There are 4 things to explain in the little code snippet above.

  1. The command prompt > (or greater than sign to you and me) is simply R prompting you to enter some text
  2. The expression 2+2 is the sum that we asked R to perform.
  3. We'll come back to the [1] on the next line in a second.
  4. R prints the answer 4

The number in square brackets is actually R 'numbering' your answer for you. There's only one answer so it is 'numbered' 1.[^3]

Re-assuring as it is that R knows that 2+2=4, you were probably hoping for a little more. Typing directly into R is great, we want to teach you reproducible research. The scientific method requires that we document our work, but we can't reproduce your typing unless we record it somewhere.

Source

The solution is to create a file, write your commmands in that file, and then tell R to work through the commands in that file. Switch to the pane labelled source, and again type 2-2. When you get to the end of the line, hit (on Windows ). This sends the last line you wrote from the 'source' document, to the console. You should now see that R can add and substract.

> 2+2
[1] 4
> 2-2
[1] 0

Now save the file you have written as labbook_YYMMDD.R (replace YYMMDD with today's date e.g. labbook_160103.R). You must use the .R extension to indicate that this is an R script, but you can, of course, choose any name you wish.[^2]

Three keys to understanding R

  • comments
  • functions
  • data frames

Comments

We're good to go! Well almost. There is one other crucial skill you need, and that is 'commenting' or annotating your scripts. Writing 2+2 is fine for R, but you need to remind yourself and others of why you are doing things.

If you saw these two lines of code, it would be surprising if you knew what R was doing.

7/5
7 %% 5

It is obviously much better to write this:

# This is division
7/5    
# This is the 'modulus' function (divides and returns the remainder)
7 %% 5

The # sign tells R to ignore that line (it's for a future 'you' who might read this, and wonder what the 'past' you was up to!).
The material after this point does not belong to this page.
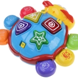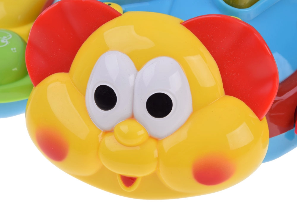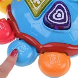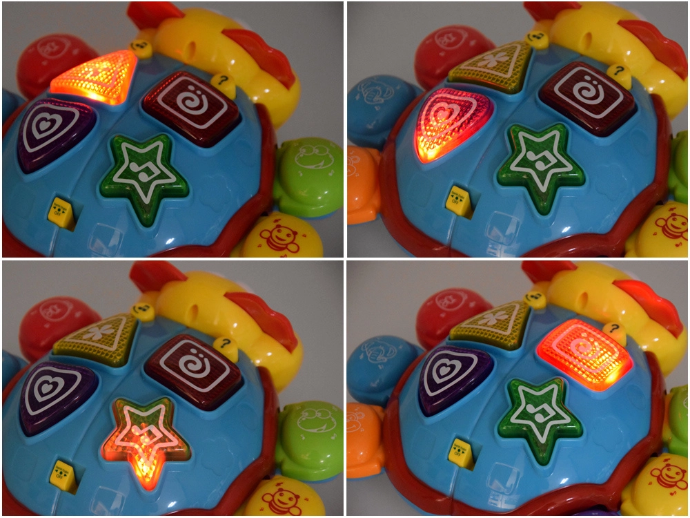 A hangjegyes gomb vidám dallamokat indít, melyeket villogó fények kísérnek érzékszervi stimulációért és játékos örömért.

You can even put a # after some code to add a specific comment for that line. For example,

# This is division
7/5     # Answer should be 1.4
# This is the 'modulus' function (divides and returns the remainder)
7 %% 5 # Anwer should be 2

Functions

Functions are the workhorses of R. You use R because it can 'do' things such a plot graphs, average numbers, print tables, or build statistical models. These are all functions. You want to know the square root of 9?

> sqrt(9)
[1] 3

That was (surprise, surprise) the square root function. It has a name (sqrt), and we pass it an 'argument' (in this case 9). An argument is something that the function needs to do its job. The function then 'returns' a result. Rewriting the above using this vocabulary:

> function_name(argument)
[1] return value

Functions such as mean() will return the mean of a set of numbers. Don't try this yet because you'll be annoyed that simply typing mean(1,2,3,4,5,6) doesn't work.

R has a bunch of functions that are its core (known as base R) that allow you to do maths, stats, load, manipulate, and save data, and make many graphs. In addition, there is a wide community of academics, and enthusiasts who contribute functions. These are typically wrapped together in something called a package. When you want to use these additional functions, you just tell R to load the package into its memory by typing library(package_name_here). For example, ggplot2 is a package of great plotting and graphing functions, so you would type library(ggplot2) to make these functions available.

  • library and packages a bundles of pre-written functions

Data frames

I am guessing that you would be pretty comfortable with a table of data that looked like this.

intials height weight
dj 190 88
hs 183 80
gj 182 110
sm 175 95

A data frame is just the R version of a that table. It has 3 columns that are labelled 'initials', 'height', and 'weight'.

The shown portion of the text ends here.